John Henry Whyte (30 April 1928 in Penang, Malaya – 16 May 1990 in New York, United States) was an Irish historian, political scientist and author of books on Northern Ireland, divided societies and on church-state affairs in Ireland.
Whyte was born in 1928 in Penang, Malaya. His father was manager of a rubber plantation on the mainland. Whyte's family left Malaya, and returned to Europe when he was three, eventually settling in Rostrevor, County Down, Northern Ireland. The Whytes are a well known County Down family recorded in the area since at least 1713. The Whyte family is said to have come to Ireland from South Wales with Strongbow in 1170 and settled in Leinster. Whyte was educated locally, at Ampleforth and Oriel College Oxford, from which he took a degree in Modern History in 1949. Having continued studies some two years later he was awarded a B.Litt degree for further research, which was to form the nebula of his first book which was to be published in 1958.
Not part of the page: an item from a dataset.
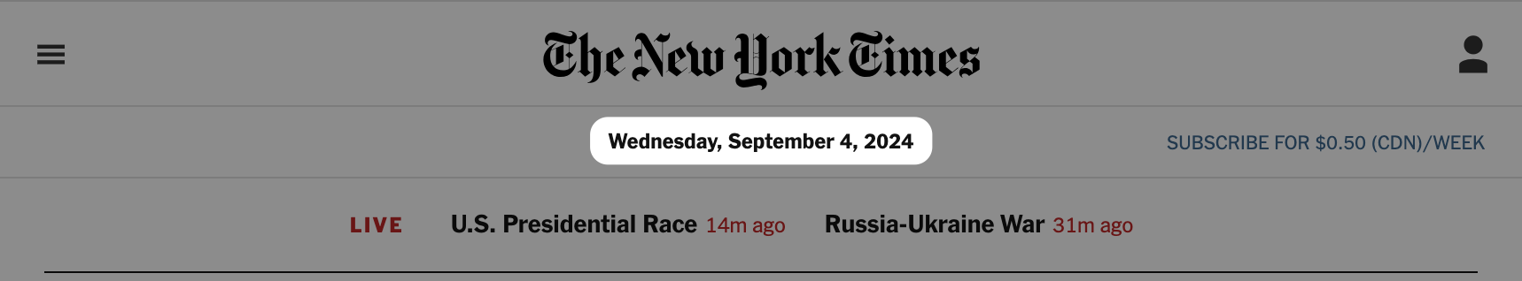 Take, for example, a news website like the New York Times with the current date at the top of the homepage.

Whyte undertook National Service during the 1950s and worked as a history teacher in his old school before being appointed lecturer in Modern History at Makerere University, Uganda. In 1962 he returned to Ireland having been appointed first 'lecturer in empirical politics' at the then expanding University College Dublin (UCD). In 1966, he wed fellow academic Dr. Jean Murray and moved to Queen's University Belfast to undertake further studies.